Question

4.0 moles of argon and 5.0 moles of PCl5 are introduced into an evacuated flask of 100 litre capacity at 610 K. The system is allowed to equilibrate. At equilibrium, the total pressure of mixture was found to be 6.0 atm.
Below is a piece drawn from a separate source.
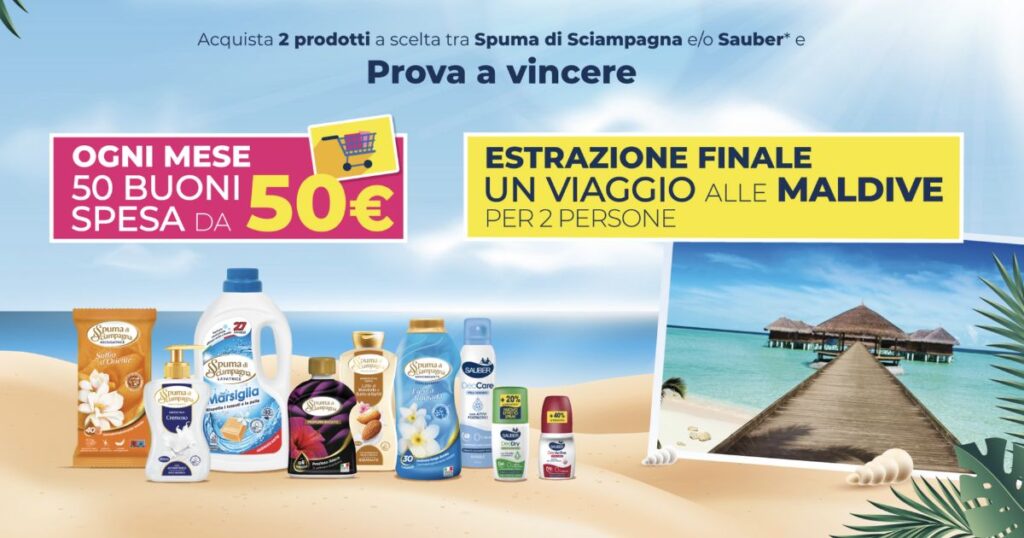 Non perderti il nuovo concorso “Paradiso da vivere”: acquistando prodotti a marchio Spuma di Sciampagna e/o Sauber puoi vincere 1 buono spesa del valore di 50€!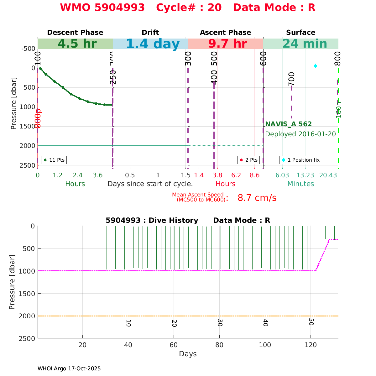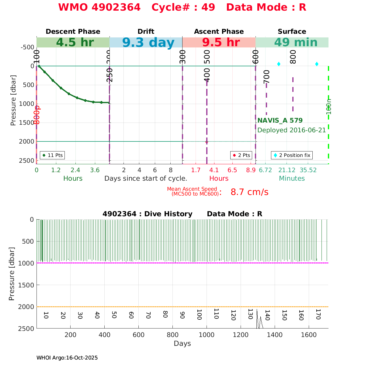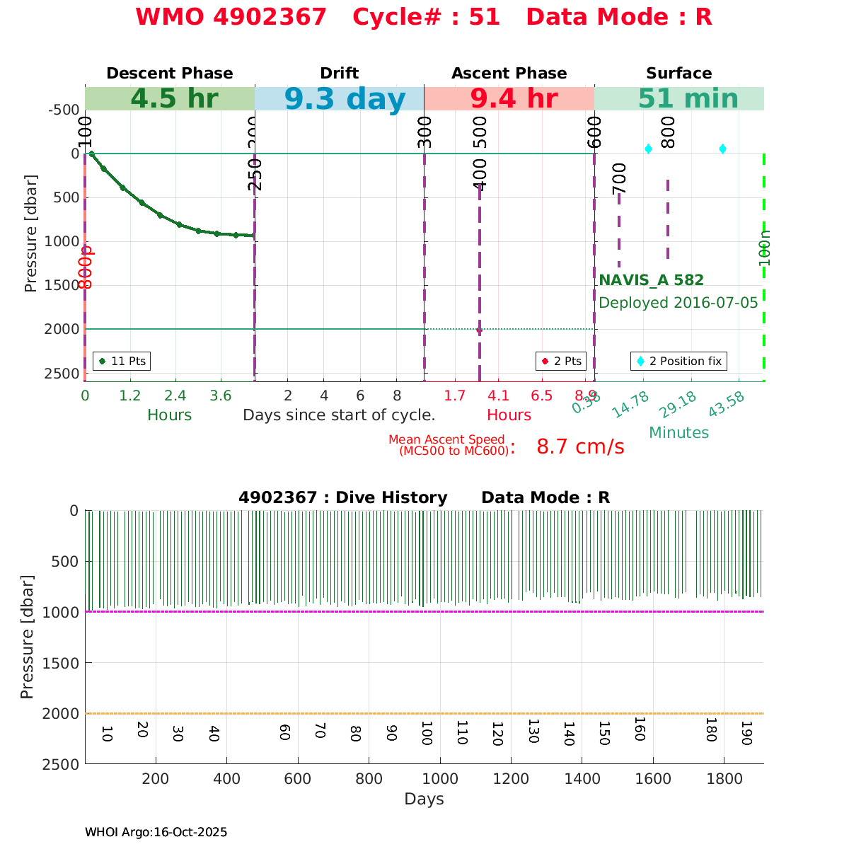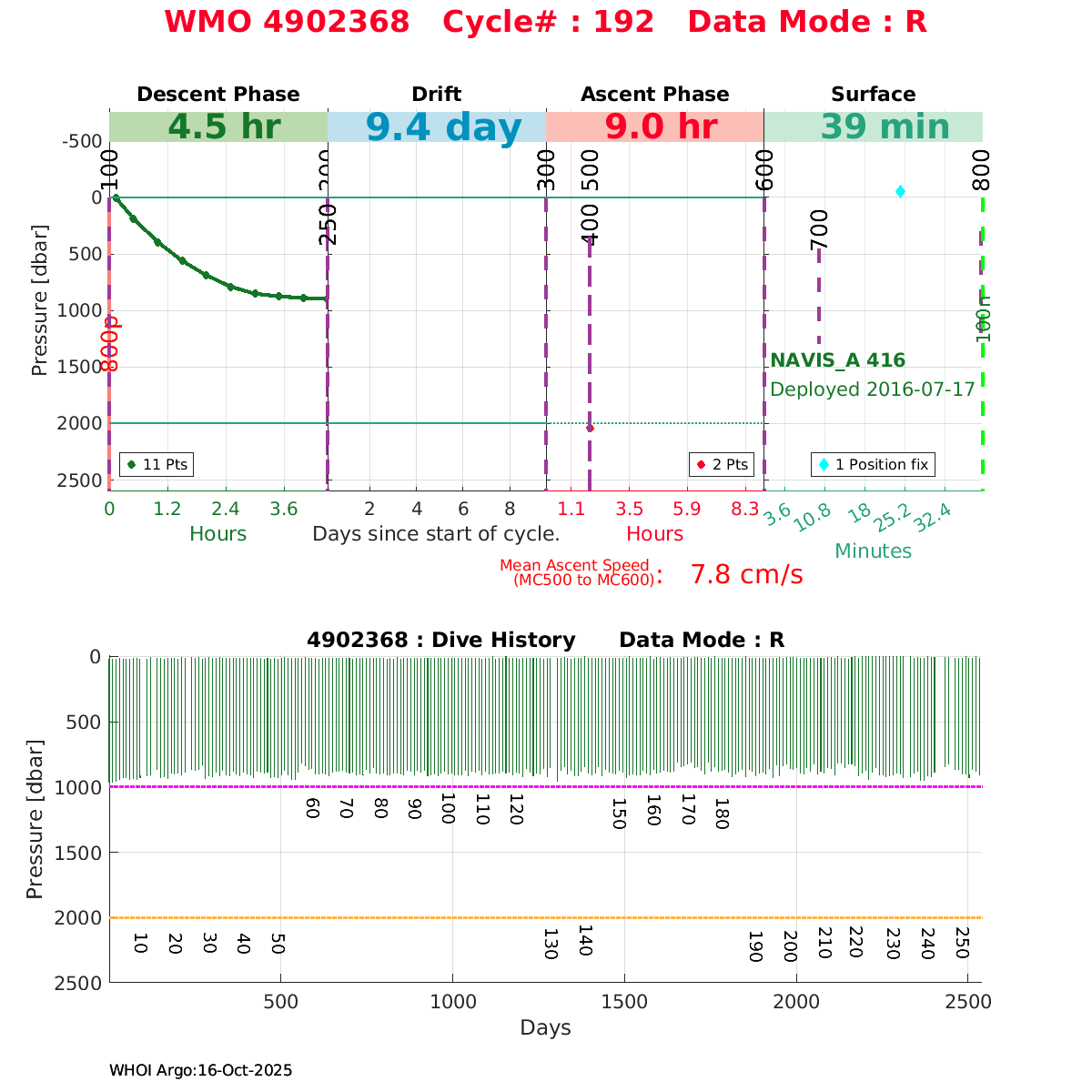 | WMO: #4902368 DAC: jma PI: JAMSTEC NAVIS_A: #416 DRUCK: #4038328 SBE41CP_V2: #6236 Altimeter Comparison (IFREMER) EuroArgo Link | ![]() |

The Kp for the reaction is
[Given : R = 0.082 L atm K–1 mol–1 ]

• A. 2.25
• B. 6.24
• C. 12.13
• D. 15.24

Answer 1

Answer: (A)

2.25

Answer 2

The correct answer is (A) : 2.25
$PCl_5 ⇌ PCl_3 + Cl_2$
t = 0 5 0 0
t = t 5 – n n n
Total moles = 5 – n + n + n
= 5 + n.
For Argon
nAr = 4
Total moles = nAr + nPCl5 + nPCl3 + nPCl2
= 4 + 5 + n
= 9 + n
$K_p = \frac{P_{PCI_3} . PCI_2}{PPCI_5}$
PV = nRT
6 × 100 = (9 + n) × 0.082 × 610
n = 3
$= \frac{( \frac{3}{12} × 6 ) × ( \frac{3}{12} × 6 )}{\frac{2}{12} × 6}$
$= \frac{27}{12} = \frac{9}{4} = 2.25 atm$
The Kp for the reaction is 2.25 atm.